Ketika saya masih bekerja di Jakarta di tahun 2018 cukup sulit untuk menabung 30% dari gaji saya yang waktu itu adalah 5 juta dan waktu itu karena biaya kos dan kebutuhan yang lumayan.

Kalau menggunakan perhitungan 30% tabungan, maka saya harus menyisihkan 1,5 juta, 30% dari gaji saya waktu itu. Lalu saya harus untuk hidup saya bisa menggunakan 3,5 juta sisanya. Ini belum dipotong kos 1,2 juta per bulannya.

Jadi total uang untuk kehidupan saya adalah 2,2 juta. Cukup memang.

Namun ketika hidup di ibu kota adalah mumetnya pikiran bila tak kemana-mana. Entahlah, waktu itu malah bikin saya stress kalau diam di kosan melulu.

Akhirnya saya tak bisa menabung 30%. Saya hanya bisa menabung 10% atau 500.000 pada waktu itu (biaya kencan juga lumayan nih bikin anggaran buat nabung makin tipis….)

Nah, jika kamu pendapatan yang lebih rendah daripada saya dan kebutuhan bisa jadi lebih tinggi. Adakah cara menabung yang bisa kita lakukan?

Menabung sedikit demi sedikit

Baru-baru ini saya membaca buku karangan Richard Thaler seorang pemenang Nobel Ekonomi dan seorang Behavioral Economist, judulnya Nudge.

Buku ini membahas bagaimana orang-orang bisa digerakkan oleh dorongan emosional atau psikis untuk melakukan sesuatu. Termasuk menabung.

Banyak orang sulit menabung entah karena penghasilannya tidak cukup atau memang karena gaya hidupnya yang terlalu konsumtif. Intinya semuanya sama saja, kamu tak punya jumlah tabungan yang besar.

Sedangkan di sisi lain kita paham kalau menabung itu adalah salah satu cara mengumpulkan kekayaan paling mudah dan sederhana, adakah yang bisa kita lakukan?

Di sini saran dari Richard Thaler bisa digunakan, yaitu menabung sedikit demi sedikit.
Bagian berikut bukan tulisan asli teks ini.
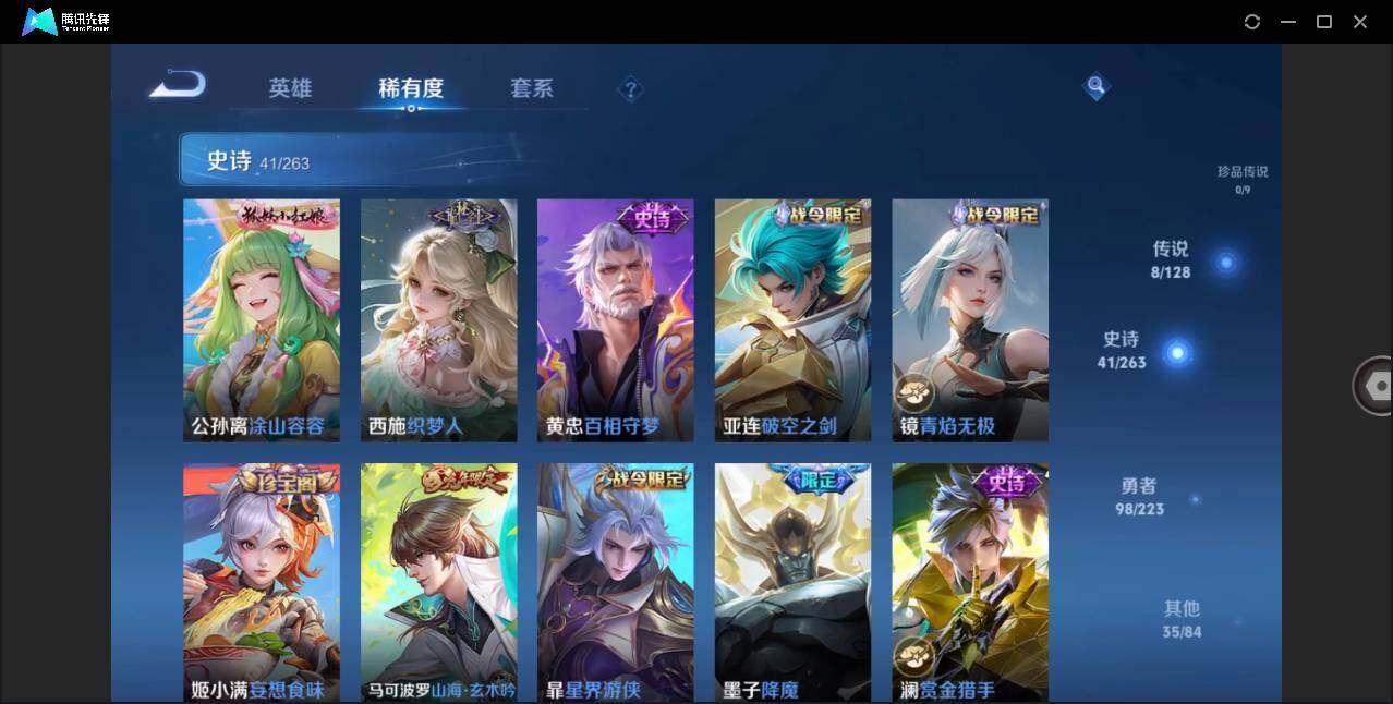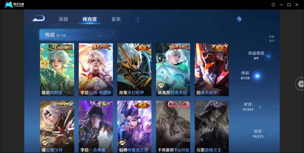 - [12277527]V8 1典藏 18传说 125英雄 290皮肤 可修改实名 优质装备:神鉴启示录,黄金狮子座,冠军飞将,炽阳神光,末日机甲-孙尚香(绿蚂蚱),地狱火,仲夏夜之梦(大飞蛾),地狱之眼,淬星耀世,无双飞将,玄雷天君 传说皮:典韦战鼓燎原,云诺千山,幻光神枪 珍宝阁皮:万物之道,女武神 限定皮:愿照·九州拓(澜年限),白虎志(电光耗子),时雨天司(水龙头),神威(电光马子),遇见飞天,高山流水,冰锋战神,游园惊梦,逐梦之星,逐梦之音,李小龙,辉光之辰,霸王别姬-虞姬,真爱至上,大圣娶亲,冰霜恋舞曲,匿光追影者,寅虎·赤拳(老虎年限) 史诗皮:苍鳞隐世,糖绘人间,狼魂孤将,化蝶舞,星界战将,龙之律动,百相守梦-百里守约,百相守梦-黄忠,紫霞仙子,苍穹之光,黄金分割率,千年之狐,江河有灵,魅语,百解令(蒙犽),冰冠公主,偶像歌手,晚萤,龙骑士(小龙虾),末日机甲-吕布,猫狗日记-孙策,乱世虎臣,节奏热浪,修罗,女仆咖啡,摇滚巨星,水果甜心,天才门将,星夜王子,心灵骇客,德古拉伯爵,暗隐猎兽者,幽灵船长,鬼剑武藏,天秀·启明,舞动绿茵,地狱岩魂,纤云弄巧,繁星吟游(呼啦呼啦),拒霜思,缤纷独角兽,乘风破浪,水晶猎龙者,金属风暴,原初追逐者,圣诞狂欢,圣诞恋歌,鹰眼统帅,王者之锤,暗夜贵公子,魅力维加斯,黎明之约,未来纪元-赵云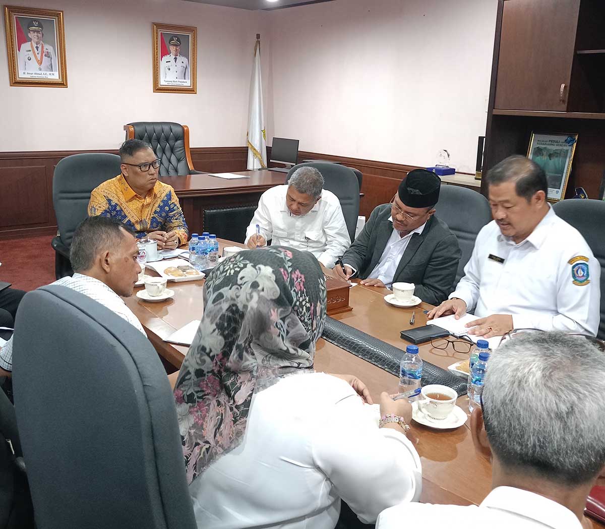 Pertemuan ini membahas strategi peningkatan Pendapatan Asli Daerah (PAD) melalui optimalisasi pengelolaan pelabuhan, khususnya labuh jangkar, serta kesiapan Kepri menghadapi dinamika global seperti perang tarif dagang antara Amerika Serikat dan China.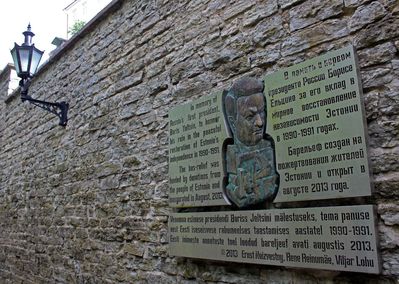 Прямо у подножия нашли мемориальную доску первому президенту России...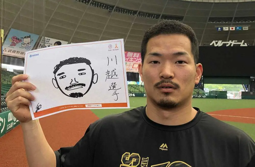 西武・山川が描いた自身の似顔絵を持つ川越 Photo by 提供写真 親子でお絵かきしよう!西武が「推し獅子」似顔絵募集 山川、山田も川越… ギャラリーで見る この記事のフォト 2022年08月09日の画像一覧 もっと見る 2022年08月09日の画像をもっと見る

Jumlahnya hanya 5% dari pendapatan bulanan anda.

Misalnya kalau pendapatanmu itu satu juta (1.000.000) maka 1% dari uangmu itu adalah 10.000. Jadi tabunganmu sebesar 5% adalah 50.000 ribu per bulan yang akan kau sisihkan.

Kok, kecil ya.

Tenang dulu, ini adalah untuk bulan pertama. Usulan yang diberikan oleh Richard Thaler adalah menaikkan anggaranmu sedikit demi sedikit, 1% saja naikknya per bulan.

Jadi jika di bulan pertama kamu menabung 5% daru total pendapatanmu, maka di bulan kedua kamu akan menabung 6%, bulan ketiga 7%, dan seterusnya.

Maka jika penghasilanmu 1.000.000 per bulannya, di bulan pertama kamu akan menabung 50.000, di bulan kedua jadi 60.000, dan di bulan ketiga 70.000, dan seterusnya.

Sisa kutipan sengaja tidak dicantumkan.